Vitamin E analog, alpha-tocopherol ether-linked acetic acid analog, alone and in combination with celecoxib, reduces multiplicity of ultraviolet-induced skin cancers in mice

Abstract

The goals of this study were to determine whether alpha-tocopherol ether-linked acetic acid analog (alpha-TEA), a novel vitamin E analog, and celecoxib, alone or in combination, when administered as a late intervention can reduce the ultraviolet-induced nonmelanoma skin-tumor burden of established tumors, prevent additional tumors from developing, and prevent tumor recurrence once treatments are stopped.

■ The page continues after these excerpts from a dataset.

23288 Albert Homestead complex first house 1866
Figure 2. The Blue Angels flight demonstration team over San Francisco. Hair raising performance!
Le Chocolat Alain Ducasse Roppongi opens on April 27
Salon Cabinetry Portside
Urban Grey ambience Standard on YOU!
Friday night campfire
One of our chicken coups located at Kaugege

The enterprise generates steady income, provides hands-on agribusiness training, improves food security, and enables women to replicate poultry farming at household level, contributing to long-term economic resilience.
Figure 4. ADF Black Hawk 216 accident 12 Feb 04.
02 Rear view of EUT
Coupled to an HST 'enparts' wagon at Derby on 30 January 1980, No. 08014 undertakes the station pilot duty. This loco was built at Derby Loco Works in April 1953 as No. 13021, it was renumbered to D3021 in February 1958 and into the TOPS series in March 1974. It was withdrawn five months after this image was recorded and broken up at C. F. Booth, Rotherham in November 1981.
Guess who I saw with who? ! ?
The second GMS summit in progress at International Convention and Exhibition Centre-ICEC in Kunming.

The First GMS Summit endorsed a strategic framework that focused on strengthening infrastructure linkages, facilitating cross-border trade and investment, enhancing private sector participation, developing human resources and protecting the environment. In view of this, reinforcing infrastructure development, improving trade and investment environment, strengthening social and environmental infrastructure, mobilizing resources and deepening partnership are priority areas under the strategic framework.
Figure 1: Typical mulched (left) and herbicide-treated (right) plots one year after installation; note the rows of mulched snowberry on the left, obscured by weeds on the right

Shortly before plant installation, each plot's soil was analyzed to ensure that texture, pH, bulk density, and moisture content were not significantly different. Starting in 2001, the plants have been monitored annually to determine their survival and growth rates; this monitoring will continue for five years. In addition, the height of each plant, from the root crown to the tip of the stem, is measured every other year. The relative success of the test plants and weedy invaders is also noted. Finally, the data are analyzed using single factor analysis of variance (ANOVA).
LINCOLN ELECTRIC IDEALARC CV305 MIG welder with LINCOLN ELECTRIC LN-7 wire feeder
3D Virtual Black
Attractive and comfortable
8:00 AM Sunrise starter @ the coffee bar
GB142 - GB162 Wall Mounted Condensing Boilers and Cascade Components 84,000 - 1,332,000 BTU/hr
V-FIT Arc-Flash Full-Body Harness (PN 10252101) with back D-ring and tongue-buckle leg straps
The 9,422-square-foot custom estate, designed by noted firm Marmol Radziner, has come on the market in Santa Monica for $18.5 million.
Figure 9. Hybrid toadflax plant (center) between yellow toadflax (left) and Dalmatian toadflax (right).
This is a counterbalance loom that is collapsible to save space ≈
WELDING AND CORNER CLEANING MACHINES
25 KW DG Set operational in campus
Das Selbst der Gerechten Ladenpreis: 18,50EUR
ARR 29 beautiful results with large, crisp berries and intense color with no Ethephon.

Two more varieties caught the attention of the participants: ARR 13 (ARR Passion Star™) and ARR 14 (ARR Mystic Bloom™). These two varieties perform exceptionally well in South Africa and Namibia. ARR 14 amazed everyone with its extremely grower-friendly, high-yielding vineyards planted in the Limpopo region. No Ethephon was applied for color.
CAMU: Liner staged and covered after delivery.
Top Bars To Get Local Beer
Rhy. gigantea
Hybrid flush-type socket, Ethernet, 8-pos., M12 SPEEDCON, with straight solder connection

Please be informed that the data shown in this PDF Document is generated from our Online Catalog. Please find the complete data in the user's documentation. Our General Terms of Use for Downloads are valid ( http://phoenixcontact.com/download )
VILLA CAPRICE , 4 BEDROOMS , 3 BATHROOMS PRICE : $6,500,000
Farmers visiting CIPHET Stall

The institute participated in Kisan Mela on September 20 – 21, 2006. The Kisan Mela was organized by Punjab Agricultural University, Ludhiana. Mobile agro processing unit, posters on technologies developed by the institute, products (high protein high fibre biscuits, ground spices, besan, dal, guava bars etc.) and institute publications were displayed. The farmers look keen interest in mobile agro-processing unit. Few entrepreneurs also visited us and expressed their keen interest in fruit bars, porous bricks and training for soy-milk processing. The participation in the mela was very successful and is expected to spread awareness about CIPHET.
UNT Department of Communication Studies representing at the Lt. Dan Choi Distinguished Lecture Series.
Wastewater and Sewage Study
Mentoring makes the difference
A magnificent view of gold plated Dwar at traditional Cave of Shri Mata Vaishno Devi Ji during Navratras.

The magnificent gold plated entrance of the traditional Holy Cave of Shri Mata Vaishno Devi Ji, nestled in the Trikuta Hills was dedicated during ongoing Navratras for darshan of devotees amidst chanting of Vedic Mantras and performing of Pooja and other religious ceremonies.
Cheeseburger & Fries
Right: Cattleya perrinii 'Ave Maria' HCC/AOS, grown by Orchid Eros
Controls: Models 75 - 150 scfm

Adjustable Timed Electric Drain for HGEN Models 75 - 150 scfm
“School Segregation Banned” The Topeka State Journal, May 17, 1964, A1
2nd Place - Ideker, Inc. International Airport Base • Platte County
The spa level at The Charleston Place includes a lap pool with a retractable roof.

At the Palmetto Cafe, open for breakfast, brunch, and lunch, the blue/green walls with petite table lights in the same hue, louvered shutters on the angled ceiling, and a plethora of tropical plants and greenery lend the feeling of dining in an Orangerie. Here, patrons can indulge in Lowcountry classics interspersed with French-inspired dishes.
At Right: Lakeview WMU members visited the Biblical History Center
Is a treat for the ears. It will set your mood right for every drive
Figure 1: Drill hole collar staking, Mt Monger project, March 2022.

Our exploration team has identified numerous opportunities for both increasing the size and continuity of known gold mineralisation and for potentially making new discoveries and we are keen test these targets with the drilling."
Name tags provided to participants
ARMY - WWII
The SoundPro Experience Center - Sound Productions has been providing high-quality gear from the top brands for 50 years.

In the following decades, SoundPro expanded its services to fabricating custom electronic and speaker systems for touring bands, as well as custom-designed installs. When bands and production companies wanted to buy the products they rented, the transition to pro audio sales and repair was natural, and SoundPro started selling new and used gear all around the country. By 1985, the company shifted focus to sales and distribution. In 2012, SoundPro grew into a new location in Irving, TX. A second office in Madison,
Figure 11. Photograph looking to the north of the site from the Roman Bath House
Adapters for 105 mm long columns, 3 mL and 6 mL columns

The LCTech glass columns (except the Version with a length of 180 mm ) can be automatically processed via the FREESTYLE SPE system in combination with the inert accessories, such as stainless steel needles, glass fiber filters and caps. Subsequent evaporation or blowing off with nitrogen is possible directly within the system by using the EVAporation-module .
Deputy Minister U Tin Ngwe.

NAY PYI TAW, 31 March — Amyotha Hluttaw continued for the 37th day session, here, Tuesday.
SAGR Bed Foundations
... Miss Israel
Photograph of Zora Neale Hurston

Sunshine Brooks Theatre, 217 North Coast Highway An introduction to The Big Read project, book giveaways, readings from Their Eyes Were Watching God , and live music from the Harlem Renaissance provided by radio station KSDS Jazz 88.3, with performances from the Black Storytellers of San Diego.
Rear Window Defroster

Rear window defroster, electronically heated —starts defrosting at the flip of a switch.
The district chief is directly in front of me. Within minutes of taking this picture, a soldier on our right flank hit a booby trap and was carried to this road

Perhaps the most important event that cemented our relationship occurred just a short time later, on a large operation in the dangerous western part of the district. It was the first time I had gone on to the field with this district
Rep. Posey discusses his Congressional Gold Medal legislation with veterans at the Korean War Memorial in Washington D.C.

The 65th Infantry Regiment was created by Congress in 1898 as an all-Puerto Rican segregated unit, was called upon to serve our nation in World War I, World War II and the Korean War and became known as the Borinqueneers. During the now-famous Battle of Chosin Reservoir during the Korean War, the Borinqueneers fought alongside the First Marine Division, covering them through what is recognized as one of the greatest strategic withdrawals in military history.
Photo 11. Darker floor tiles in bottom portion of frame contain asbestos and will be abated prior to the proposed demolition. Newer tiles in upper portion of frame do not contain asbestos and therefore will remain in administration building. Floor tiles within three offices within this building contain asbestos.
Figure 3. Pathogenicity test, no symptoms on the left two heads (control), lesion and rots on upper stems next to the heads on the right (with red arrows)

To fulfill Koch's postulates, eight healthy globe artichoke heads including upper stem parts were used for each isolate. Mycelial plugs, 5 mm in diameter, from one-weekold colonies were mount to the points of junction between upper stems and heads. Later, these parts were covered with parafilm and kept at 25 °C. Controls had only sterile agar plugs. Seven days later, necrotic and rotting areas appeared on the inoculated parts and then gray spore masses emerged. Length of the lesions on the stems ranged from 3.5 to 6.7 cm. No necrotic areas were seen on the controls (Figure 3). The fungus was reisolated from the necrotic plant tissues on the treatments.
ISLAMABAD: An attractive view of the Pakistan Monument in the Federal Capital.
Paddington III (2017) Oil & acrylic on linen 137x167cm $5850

Hairless SKH-1 female mice were ultraviolet-irradiated for 24 weeks, divided into treatment groups so that each group had approximately 5.8 tumors/mouse, and then treated with 72 mug of liposome-formulated alpha-TEA by aerosol inhalation, 500 p.p.m. celecoxib in AIN-76 A diet, or a combination of alpha-TEA and celecoxib for 4 weeks. At the end of 4 weeks of treatment, each treatment group was subdivided, with one subgroup continuing to receive treatment and with treatment being stopped in the other. Skin-tumor development was monitored visually throughout the study and by histologic evaluation at the end. After 4 weeks of treatment, all treatments showed statistically significant reductions in tumor number when compared with controls. After termination of treatment, only alpha-TEA prevented a significant increase in tumor recurrence; however, continuous combination treatment resulted in the lowest total number of tumors. In conclusion alpha-TEA is an effective late-stage chemopreventive agent for nonmelanoma skin cancer that exhibits lasting benefits.